> **WHAT YOU ARE ASKED TO DO**: The whole listing is to be restated word for word with no images.

> **INPUT DATA**:
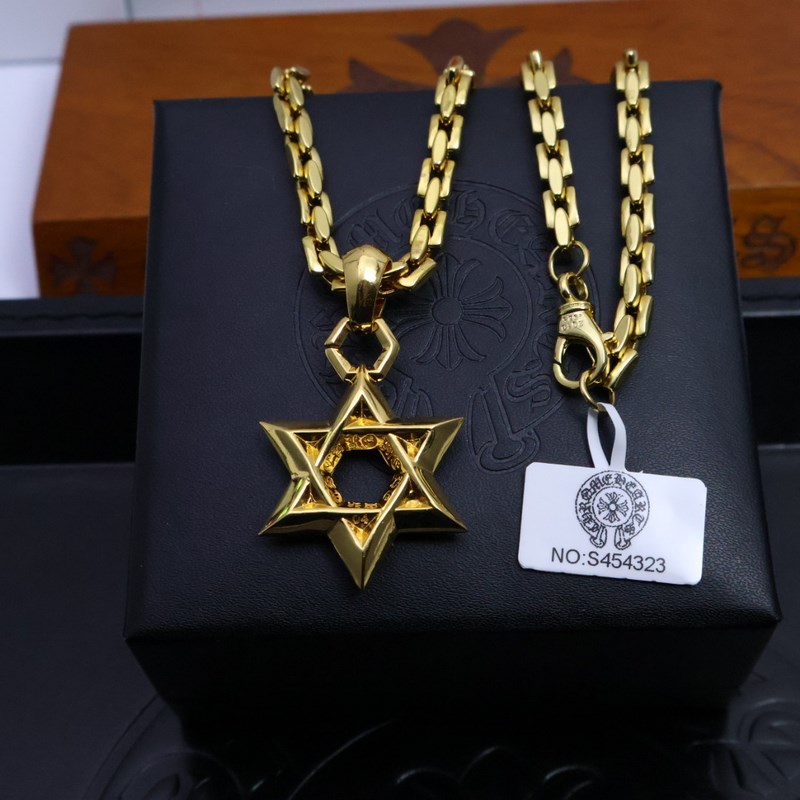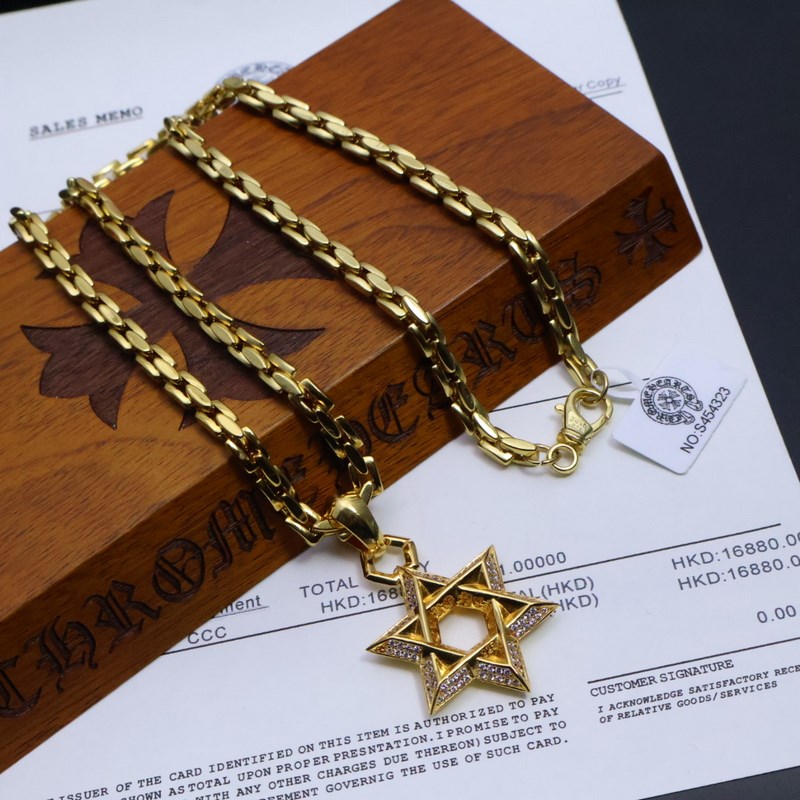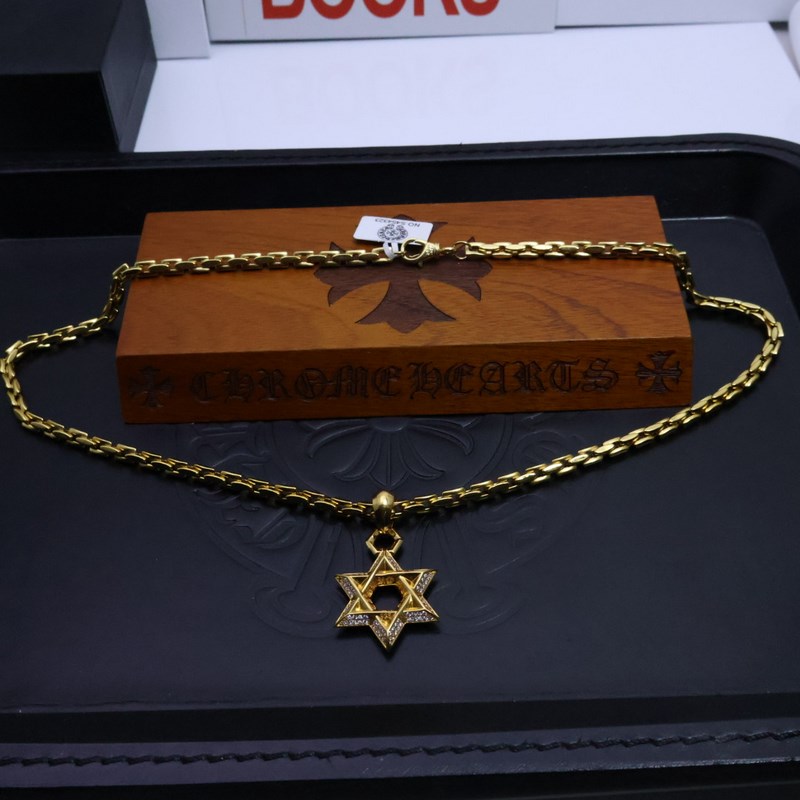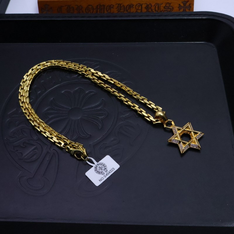 Chrome Hearts, a classic and best-selling gold necklace. The Chrome Hearts necklace is so cool. The different patterns and design styles make it unique. The cross and scout flower are the symbols of Chrome Hearts, so it is more enduring. The genuine Chrome Hearts are different from the ordinary light versions on the market. The quality is the same as the standard version. The degree of retro and old gray oxygen. ~ A must-have for fashion. Both men and women can wear it. Fashionable and rock punk Thai silver style. Retro elements. Couples’ style. Full of fashion sense. Factory direct sales. Personality and versatile. Fashionable and versatile.
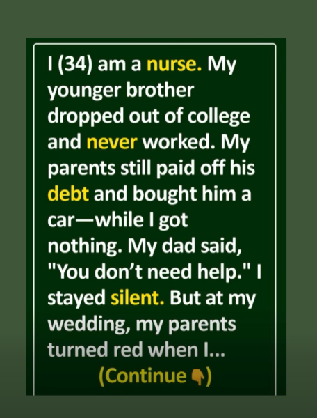 I’m 34 and work as a nurse. My younger brother dropped out of college and has never worked, yet my parents paid off his debt and even bought him a car. When I needed help, I got nothing. My dad simply said, “You don’t need it,” and I stayed quiet.
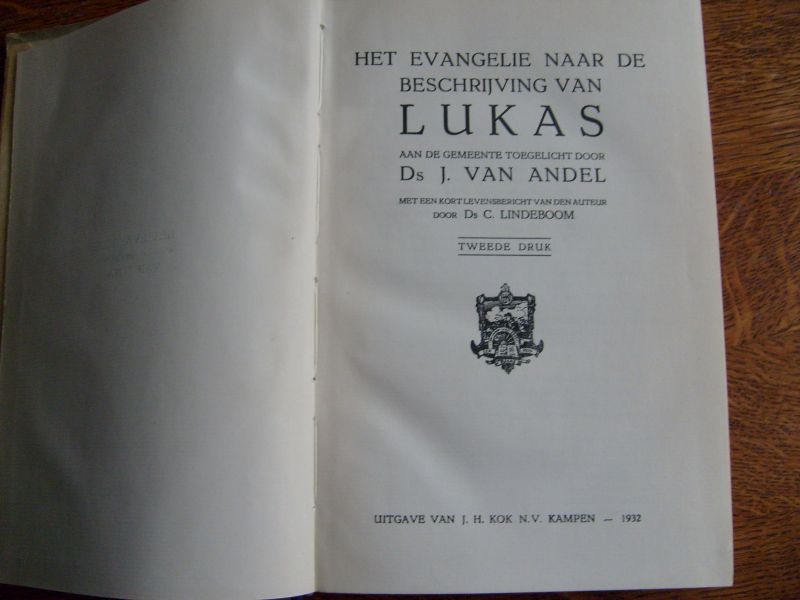 | Meer info: | Het Evangelie naar de beschrijving van Lukas aan de gemeente toegelicht door Ds. J. van Andel met een kort levensbericht van den auteur door Ds. C. Lindeboom |

> **TASK ANSWER**:
 Chrome Hearts, a classic and best-selling gold necklace. The Chrome Hearts necklace is so cool. The different patterns and design styles make it unique. The cross and scout flower are the symbols of Chrome Hearts, so it is more enduring. The genuine Chrome Hearts are different from the ordinary light versions on the market. The quality is the same as the standard version. The degree of retro and old gray oxygen. ~ A must-have for fashion. Both men and women can wear it. Fashionable and rock punk Thai silver style. Retro elements. Couples’ style. Full of fashion sense. Factory direct sales. Personality and versatile. Fashionable and versatile.
 I’m 34 and work as a nurse. My younger brother dropped out of college and has never worked, yet my parents paid off his debt and even bought him a car. When I needed help, I got nothing. My dad simply said, “You don’t need it,” and I stayed quiet.
 | Meer info: | Het Evangelie naar de beschrijving van Lukas aan de gemeente toegelicht door Ds. J. van Andel met een kort levensbericht van den auteur door Ds. C. Lindeboom |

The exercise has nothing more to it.